● REQUIRED WORK:
Leave out any pictures and transcribe all other data below exactly.

[[ MATERIAL PROVIDED open ]]

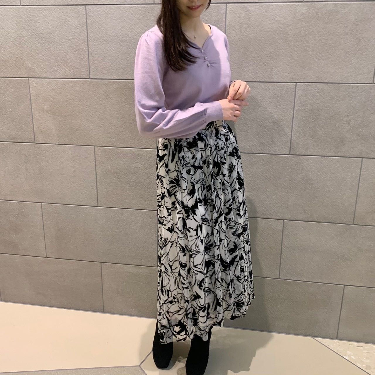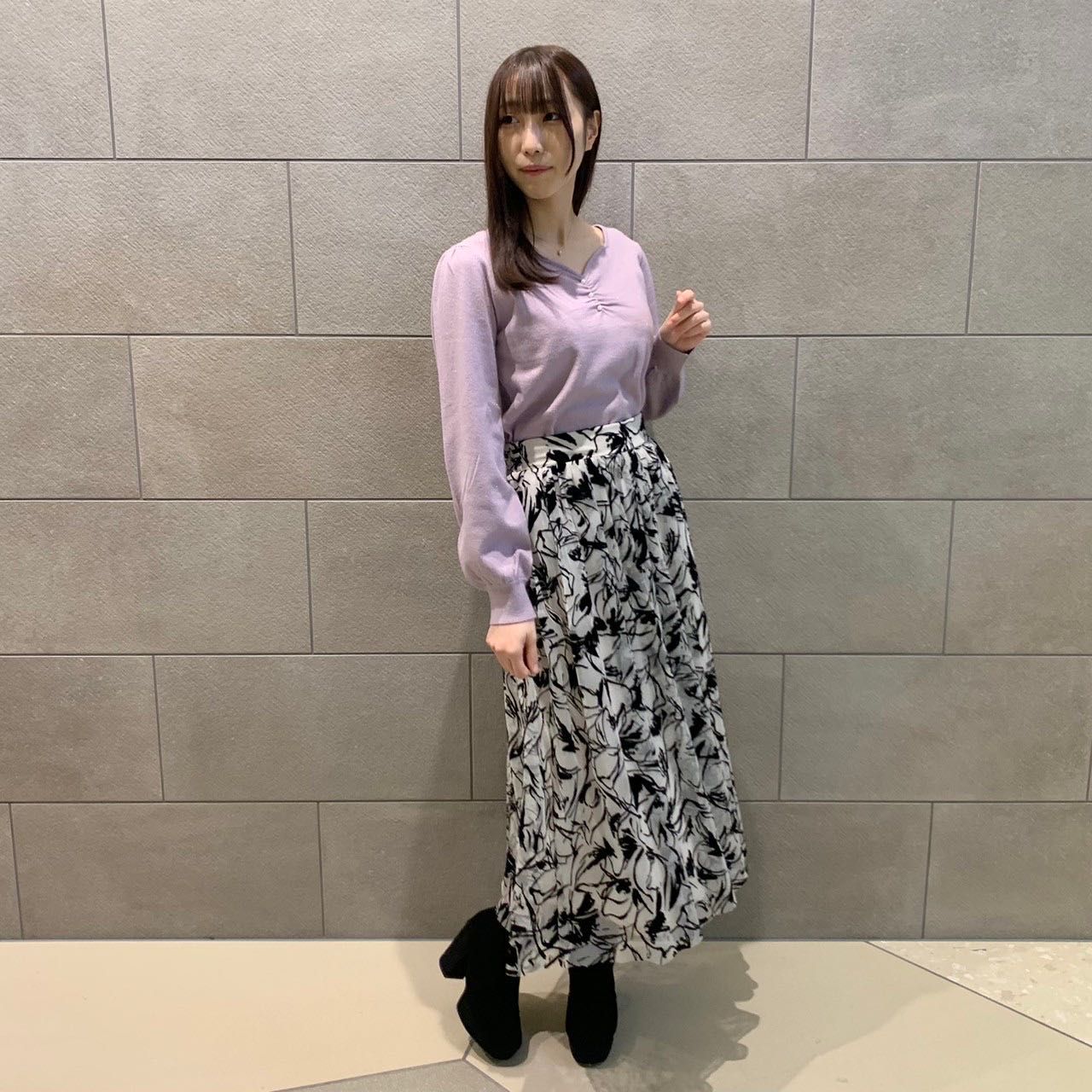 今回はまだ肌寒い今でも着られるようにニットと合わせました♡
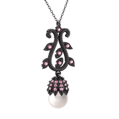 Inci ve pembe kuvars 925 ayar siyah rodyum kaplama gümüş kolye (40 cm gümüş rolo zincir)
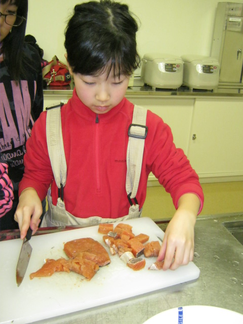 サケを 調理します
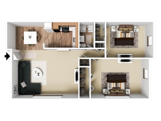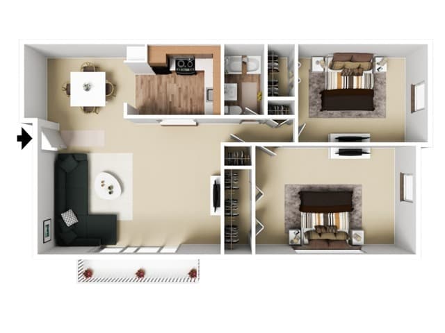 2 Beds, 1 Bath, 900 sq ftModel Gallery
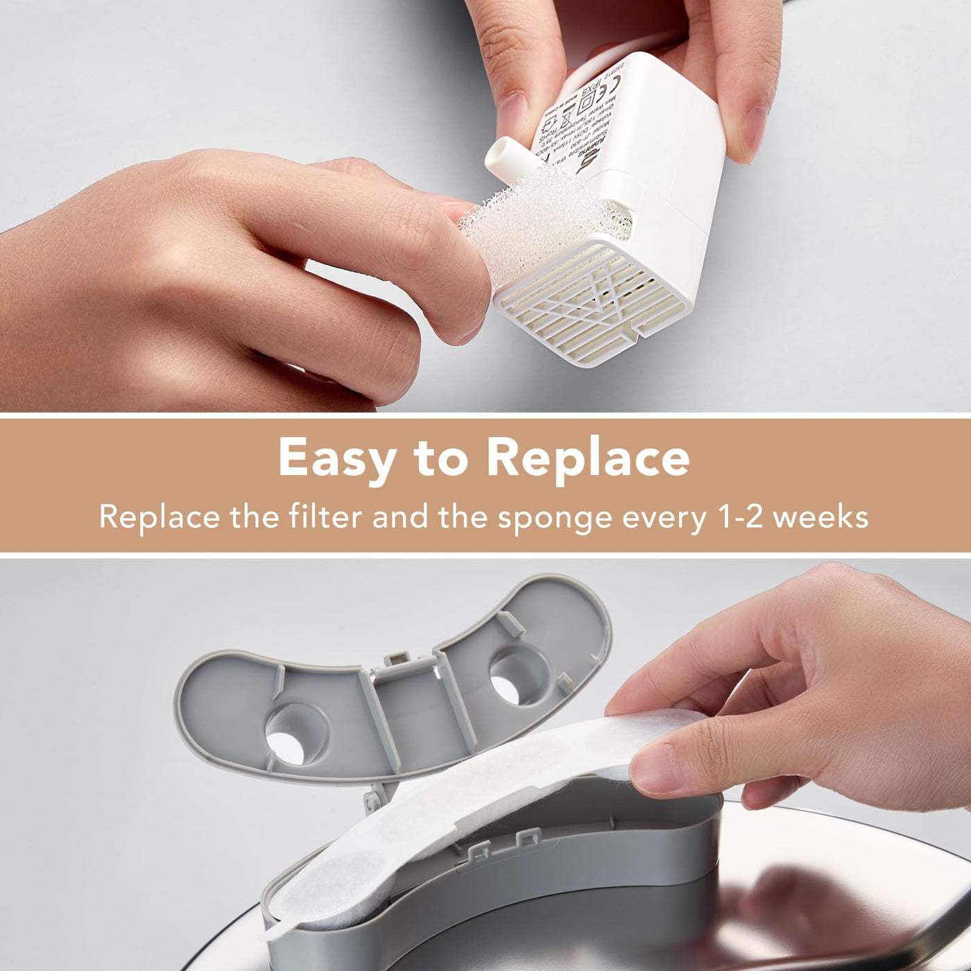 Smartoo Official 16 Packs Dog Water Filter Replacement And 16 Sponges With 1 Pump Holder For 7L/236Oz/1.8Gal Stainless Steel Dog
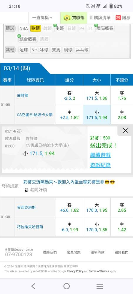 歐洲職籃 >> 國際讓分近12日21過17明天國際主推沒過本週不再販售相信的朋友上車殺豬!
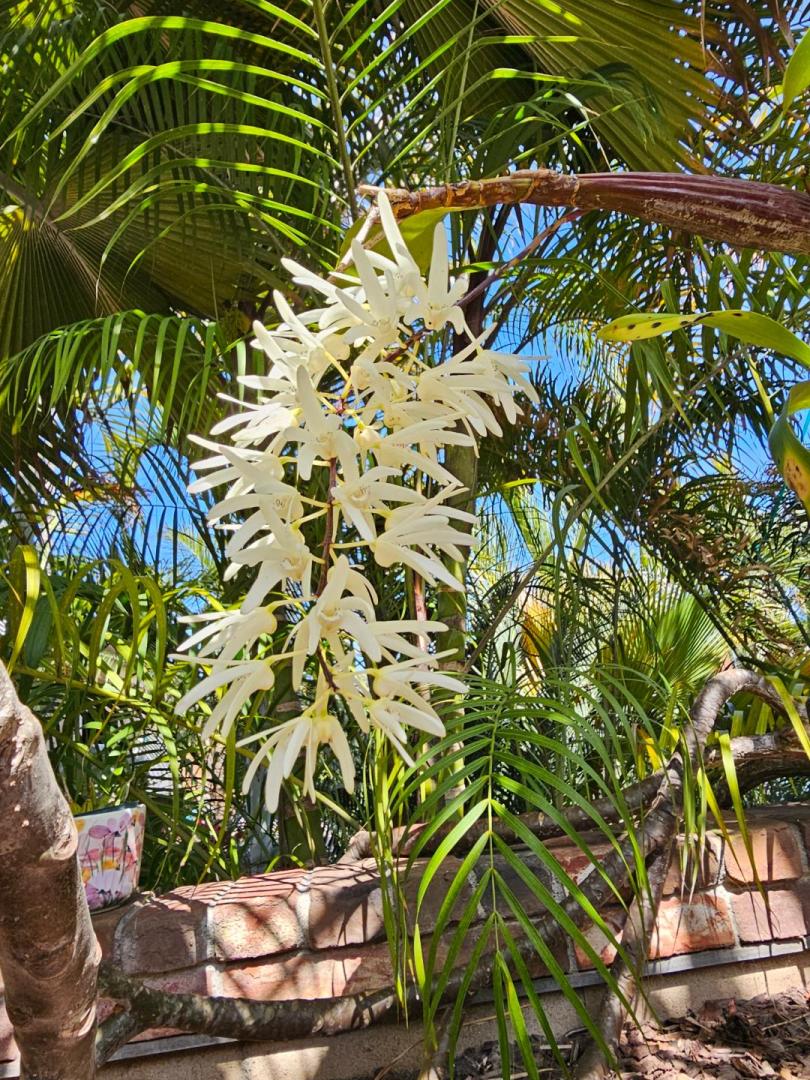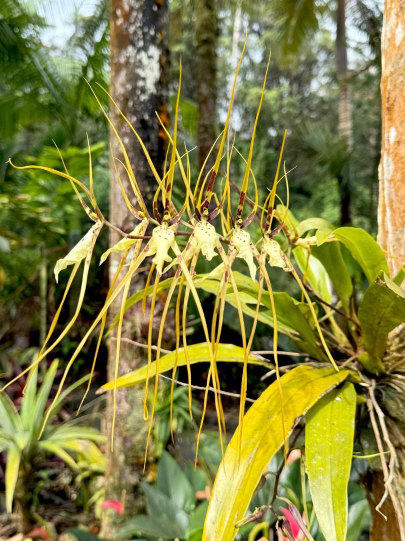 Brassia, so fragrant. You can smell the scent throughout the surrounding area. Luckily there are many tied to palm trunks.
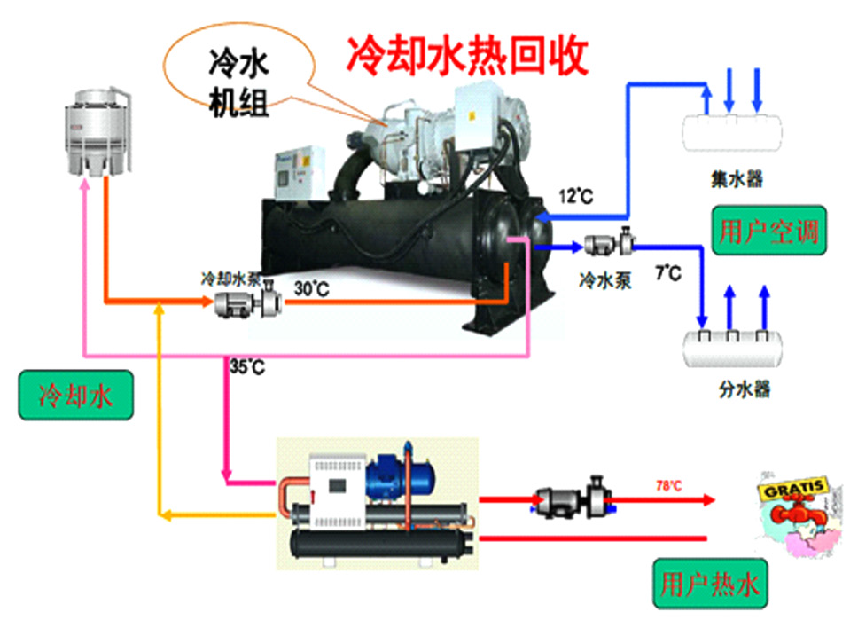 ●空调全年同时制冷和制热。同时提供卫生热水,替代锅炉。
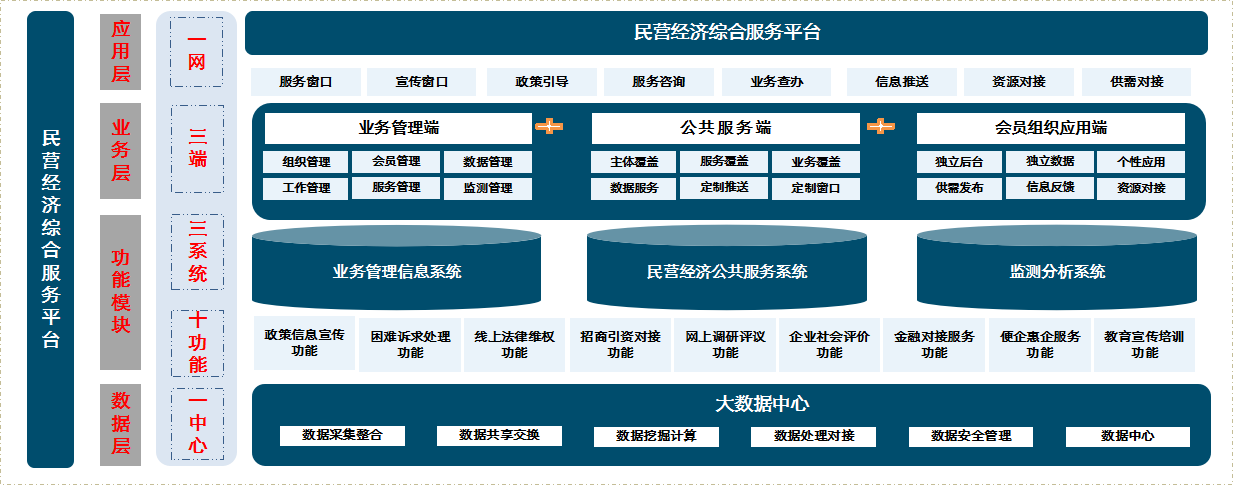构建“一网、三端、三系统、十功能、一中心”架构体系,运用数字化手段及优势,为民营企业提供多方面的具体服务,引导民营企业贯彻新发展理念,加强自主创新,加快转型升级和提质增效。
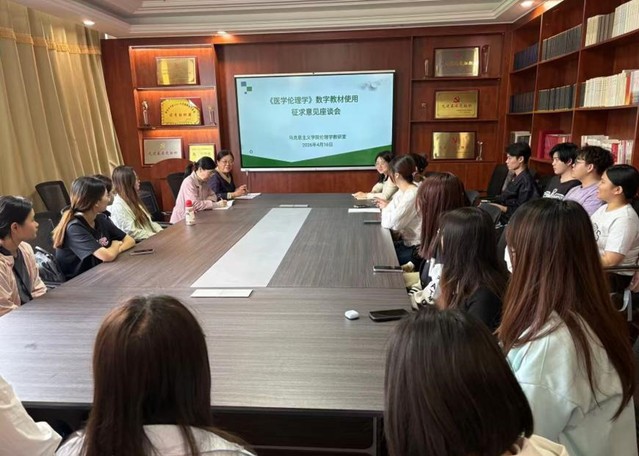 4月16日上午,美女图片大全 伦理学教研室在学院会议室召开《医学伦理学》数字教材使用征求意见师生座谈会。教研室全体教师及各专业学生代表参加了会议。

[[ MATERIAL PROVIDED closed ]]

● RESPONSE:
 今回はまだ肌寒い今でも着られるようにニットと合わせました♡
 Inci ve pembe kuvars 925 ayar siyah rodyum kaplama gümüş kolye (40 cm gümüş rolo zincir)
 サケを 調理します
 2 Beds, 1 Bath, 900 sq ftModel Gallery
 Smartoo Official 16 Packs Dog Water Filter Replacement And 16 Sponges With 1 Pump Holder For 7L/236Oz/1.8Gal Stainless Steel Dog
 歐洲職籃 >> 國際讓分近12日21過17明天國際主推沒過本週不再販售相信的朋友上車殺豬!
 Brassia, so fragrant. You can smell the scent throughout the surrounding area. Luckily there are many tied to palm trunks.
 ●空调全年同时制冷和制热。同时提供卫生热水,替代锅炉。
构建“一网、三端、三系统、十功能、一中心”架构体系,运用数字化手段及优势,为民营企业提供多方面的具体服务,引导民营企业贯彻新发展理念,加强自主创新,加快转型升级和提质增效。
 4月16日上午,美女图片大全 伦理学教研室在学院会议室召开《医学伦理学》数字教材使用征求意见师生座谈会。教研室全体教师及各专业学生代表参加了会议。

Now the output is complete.